Task for the records below: please retype exactly and only the lines from the first through the one with "Le CODEP-41-FFCT vous", with every picture omitted.

(Items from a data source)

=====

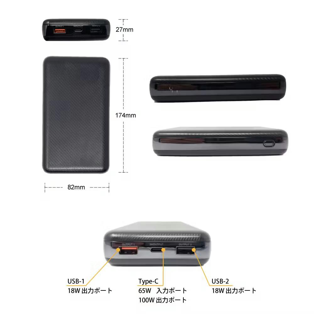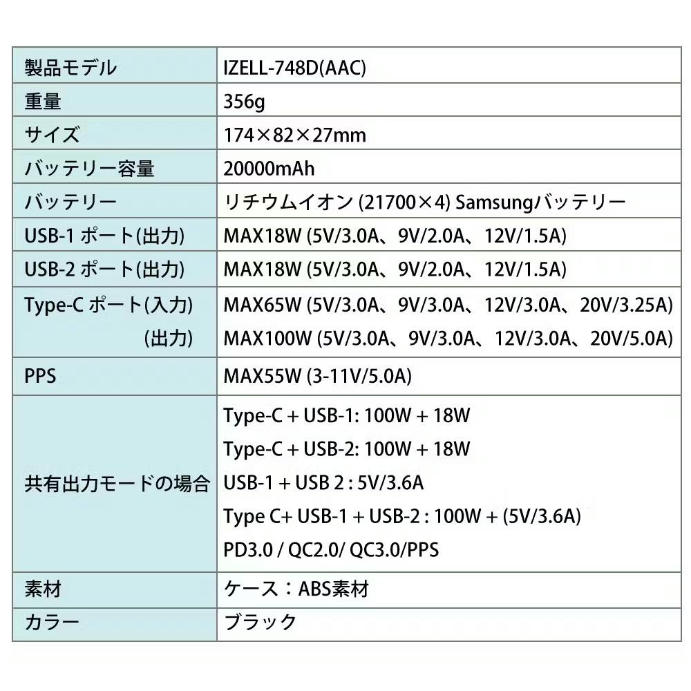 容量 :20000mAh バッテリータイプ:Li-ion (21700*4) Samsung battery Type-C Input: 5V-3.0A,9V-3.0A,12V-3.0A,15V-3.0A,20V-3.25A (65W) Type-C Output 5V-3.0A,9V-3.0A,12V-3.0A,15V-3.0A,20V-5.0A (100W) USB-1: Output 5V-3.0A,9V-2.0A,12V-1.5A,(18W) USB-2 :Output 5V-3.0A,9V-2.0A,12V-1.5A (18W) PPS 3.3-11V / 5.0A (55W)
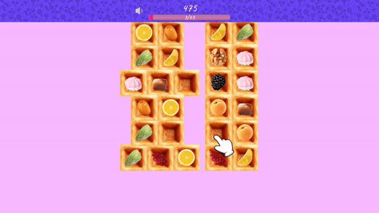 Per iniziare il tuo viaggio di selezione delle cialde, inizia scorrendo o facendo clic sulle cialde. L'obiettivo è semplice: collegare tre elementi identici orizzontalmente, verticalmente o diagonalmente. Per i dispositivi mobili, usa le dita per toccare e trascinare gli elementi. Sul desktop, utilizzare il mouse per fare le partite. Mentre elimini con successo ogni set, osserva come i nuovi waffle cadono nella griglia, sfidando continuamente le tue abilità di smistamento!
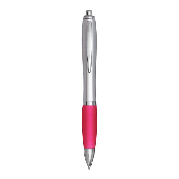 Długopis SWAY z profilowanym trzonem, mechanizmem na przycisk, niebieski wkład. Materiał: Plastik/Stal Kolor: magenta, srebrny Tagi: Długopisy,długopisy,akcesoria biurowe,przybory do pisania
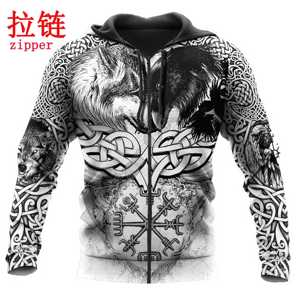 Wolf Odin Raven Compass Tattoo 3D All-Over Printed Hoodie – Unisex Autumn Zip-Up Sweatshirt
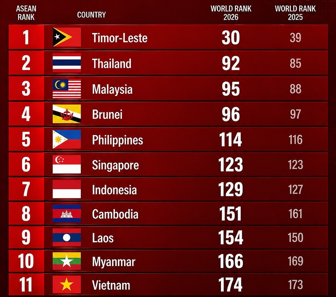 一方、インドネシアは129位に順位を下げた。カンボジアは151位とわずかに改善したが、ラオスは154位へ後退した。
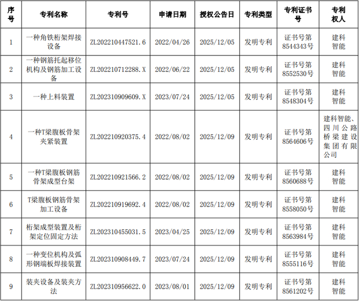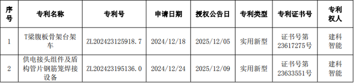建科智能:共获12项专利证书
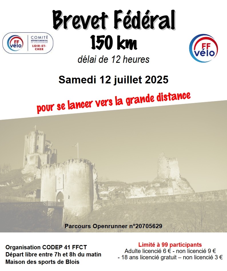 Le CODEP-41-FFCT vous propose pour 2025 six brevets : un brevet fédéral de 150 km, et cinq BRM.
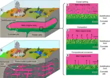 Une chambre magmatique (moins courant, une poche magmatique) est, dans la lithosphère, une zone souterraine de quelques dizaines à plusieurs centaines de kilomètres cubes en moyenne[2],[3], qui contient du magma plus ou moins chaud. Ce magma provient de la fusion partielle de roches plus profondes et alimente la chambre par un ou plusieurs conduits. Le magma dans la chambre magmatique peut rester stationnaire à l'interface de la croûte ductile /croûte fragile, créant des plutons granitiques par le biais d'injections filoniennes, ou remonter rapidement en surface et donner naissance à des volcans, effusifs, explosifs, de type stromboliens ou à une caldeira.
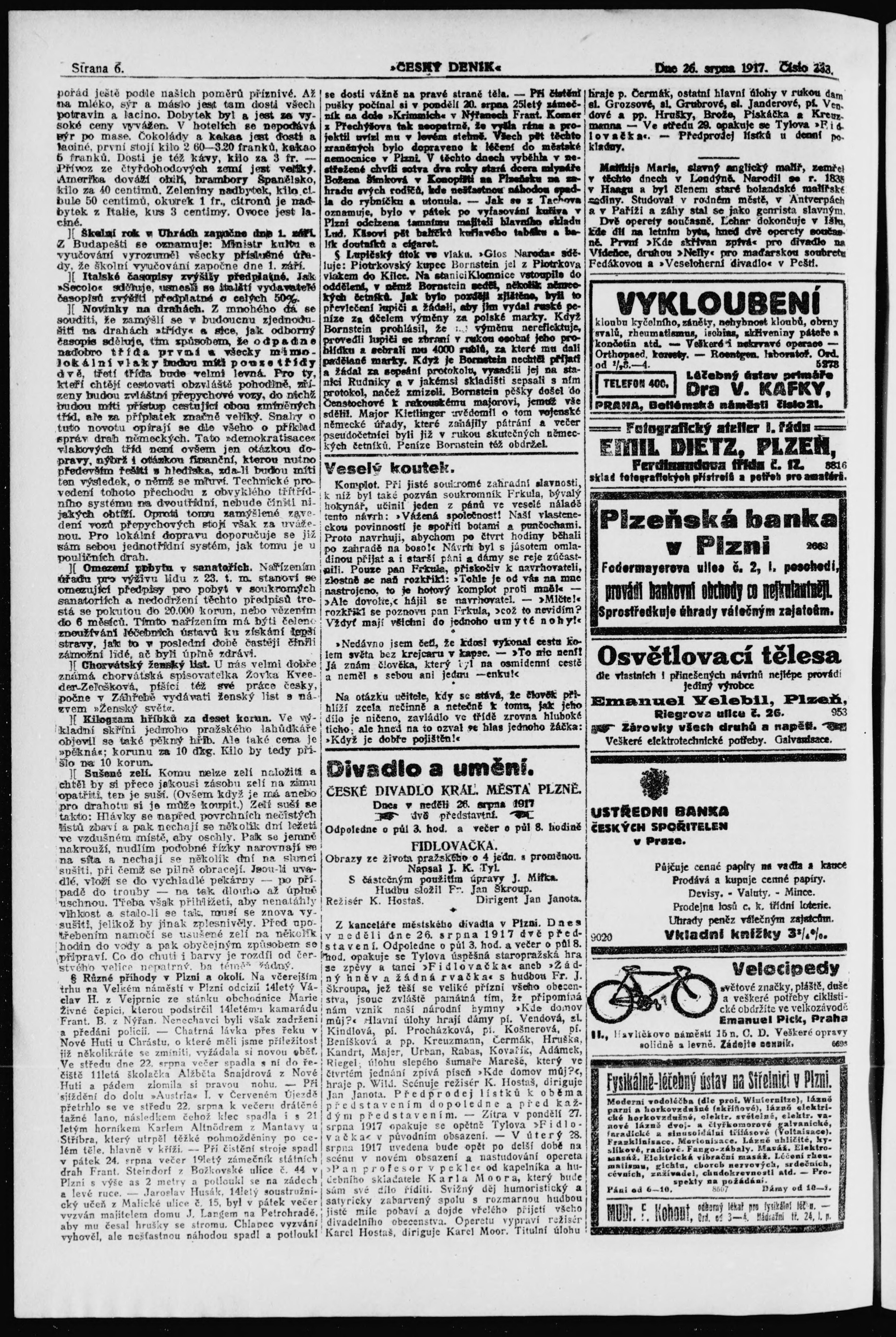 * Datum vydání výtisku: 26.8.1917 Číslo výtisku: 233

=====

### Answer to the exercise
 容量 :20000mAh バッテリータイプ:Li-ion (21700*4) Samsung battery Type-C Input: 5V-3.0A,9V-3.0A,12V-3.0A,15V-3.0A,20V-3.25A (65W) Type-C Output 5V-3.0A,9V-3.0A,12V-3.0A,15V-3.0A,20V-5.0A (100W) USB-1: Output 5V-3.0A,9V-2.0A,12V-1.5A,(18W) USB-2 :Output 5V-3.0A,9V-2.0A,12V-1.5A (18W) PPS 3.3-11V / 5.0A (55W)
 Per iniziare il tuo viaggio di selezione delle cialde, inizia scorrendo o facendo clic sulle cialde. L'obiettivo è semplice: collegare tre elementi identici orizzontalmente, verticalmente o diagonalmente. Per i dispositivi mobili, usa le dita per toccare e trascinare gli elementi. Sul desktop, utilizzare il mouse per fare le partite. Mentre elimini con successo ogni set, osserva come i nuovi waffle cadono nella griglia, sfidando continuamente le tue abilità di smistamento!
 Długopis SWAY z profilowanym trzonem, mechanizmem na przycisk, niebieski wkład. Materiał: Plastik/Stal Kolor: magenta, srebrny Tagi: Długopisy,długopisy,akcesoria biurowe,przybory do pisania
 Wolf Odin Raven Compass Tattoo 3D All-Over Printed Hoodie – Unisex Autumn Zip-Up Sweatshirt
 一方、インドネシアは129位に順位を下げた。カンボジアは151位とわずかに改善したが、ラオスは154位へ後退した。
建科智能:共获12项专利证书
 Le CODEP-41-FFCT vous propose pour 2025 six brevets : un brevet fédéral de 150 km, et cinq BRM.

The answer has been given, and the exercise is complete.